Wednesday, December 30, 2015

more unschooling and multimedia

Today I want to talk about Agar.io.

Agar.io is a silly little game where you are a circle and you go around eating other circles.  If you touch a circle smaller than you, you eat it.  If you touch a circle larger than you, it eats you.  Some circles are just dots.  Some are other players.

Aside from the debates I often hear and read about multimedia time, I also hear debates about multimedia content.

I can understand parents limiting screen time and being cautious about content.

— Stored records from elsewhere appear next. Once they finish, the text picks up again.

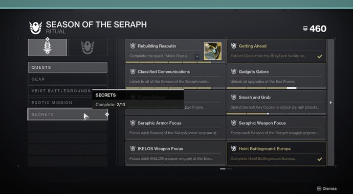 Det finns dock ett antal triumfer som kan hjälpa dig att se hur du mår. Öppna din meny, navigera till triumfsida, och välj Säsong av Seraph. Härifrån väljer du Hemlighet kategori och lägg din ikon över Förstörelse av drönare triumfer för att se framsteg.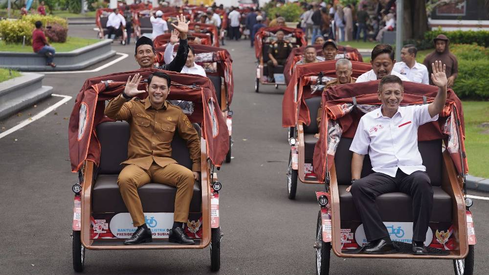 Presiden Prabowo Salurkan 100 Becak Listrik untuk Tukang Becak Tuban
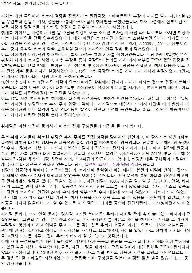 아울러 “사실을 사실대로 보도해야지, 사실을 알았더라도 정치적 시기와 파장을 고민해 보도를 미루는 것이 우리의 태도가 될 순 없다”라며 “사내 구성원들에게 1판에 들어갔던 기사에 대한 공동의 판단을 묻고자 기사와 함께 발행하려고 했던 녹음 파일도 첨부한다. 물론, 이런 과정을 밟더라도 편집위원회가 내린 집체적 판단이 달라지지는 않을 것”이라고 비관적 입장을 내비쳤다.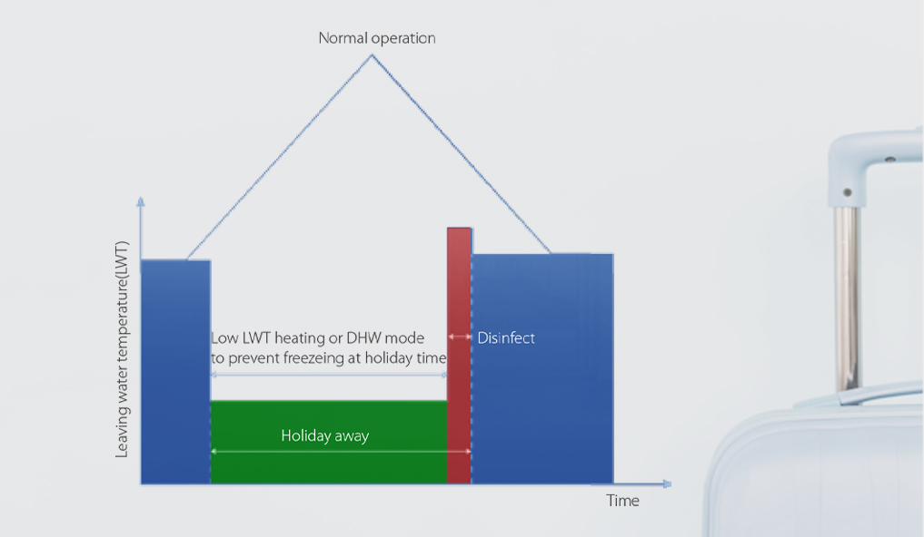La funzione Vacanza è una modalità pensata per migliorare l’affidabilità del sistema e ridurre i consumi energetici. Durante l’assenza, l’unità funziona in modalità riscaldamento e/o produzione di acqua calda sanitaria con una bassa temperatura dell’acqua, evitando il congelamento durante il periodo invernale. Prima del rientro, l’utente può preimpostare la modalità di disinfezione, assicurando la disponibilità di acqua igienicamente sicura.

I have tried to interest my children in "educational games."  I found, unfortunately, that educational games are not as interesting as other games (except minecraft, which is mind-bogglingly educational and endlessly absorbing).  Radical Unschooling, I discovered later, theorizes that if the child is fascinated by something, the child is learning something.  And it is in pursuit of that fascination that learning other things occur.  The classic example given in the unschooling world is the child who, let's say, is fascinated by airplanes, and who eventually at age 9 learns to read when he discovers that reading unlocks the world of knowledge that he is interested in.  This happened with Elazar when he realized that reading taught him coding.

Unschoolers are pragmatically brutal: the knowledge must be intensely useful or fun, or else they don't pursue it.  Elazar and Jack are currently both at a level of reading that is satisfactory to them, and they independently read many things in the course of their day.  When they eventually get frustrated with their level of reading because they want to know more things, they will naturally and efficiently improve their reading levels.

Chana spent many preschool hours watching, pausing, and rewinding cartoons, a classically "pointless" activity--which later gave her the ability to have nuance in facial expressions as an animator.  I also bought her fancy animation software which she taught herself at age 10 or so.

So back to Agar.io.  I would have thought it's a purposeless game.  You name your circle and you go.  But the naming of the circle has brought about all sorts of surprising outcomes.

1) There are something called "skins."  When you name your circle, if you name it "CIA" then you get a little circle with cliched sunglasses.  If you name it "Sir" then you get a circle with a mustache and a monocle.  There is a world of adorable skins, and discovering them and making them yours is a delight.

2) You can't communicate with other circles.  Or can you?  Jack has been naming his "Please help me" (he spells it "ples") and all sorts of other communication phrases.  This lets him build teams, something that Elazar discovered.

But the most shocking (to me) aside from Elazar and Jack writing and sounding out words, is Aharon.  Aharon is only 4 and in playing this game, he asks me how to write things dozens of times a day.  He often writes things down on paper so that he can refer back to them.  He wants to write things like "All of you in Agar.io are all garbage" (he's trash talking the other circles).  This does not fit in the allotted space, but he has tremendous patience as he yells across the room to me "..L.  What's next?"  Jack learned proficiency with the keyboard when he was 5 and wanted to write "candy crush" all the time until in desperation I created a google account for him so that google would remember his searches.  I am shocked by how much Aharon is immersing himself in typing so that he can write what he wants.  He is so patient (and he usually has quite a temper) and spends so much time working on the letters as he writes his messages and skins.

When Elazar got his tablet and realized how easy it is to use a microphone to google search I was afraid that he wouldn't learn to write as much because he can just say what he wants.  But I'm beginning to see that fear was unfounded.  Unlocking the door to more knowledge, to easier access to information, is better than I could have dreamed.  We live in an astonishing time in history, when my small children have instant access to knowing whatever they want about anything they can think of.  All they have to do is ask.  The efficiency and delight is staggering.

(Sidepoint--I have a rule that all screens stay on the main floor so that I can sort of keep an eye/ear on what they are searching/watching.  No unsupervised screens in bedrooms.  Both Sarah and Chana had those rules (with ipod and ipad) until they were at an age where they brought up that they thought they were mature enough to police their own content and decide for themselves what was appropriate or not for themselves.  I don't know what my rules will be with the boys.  I tend to veer towards open information and towards training to practice self-regulation.  But we will see what emerges.)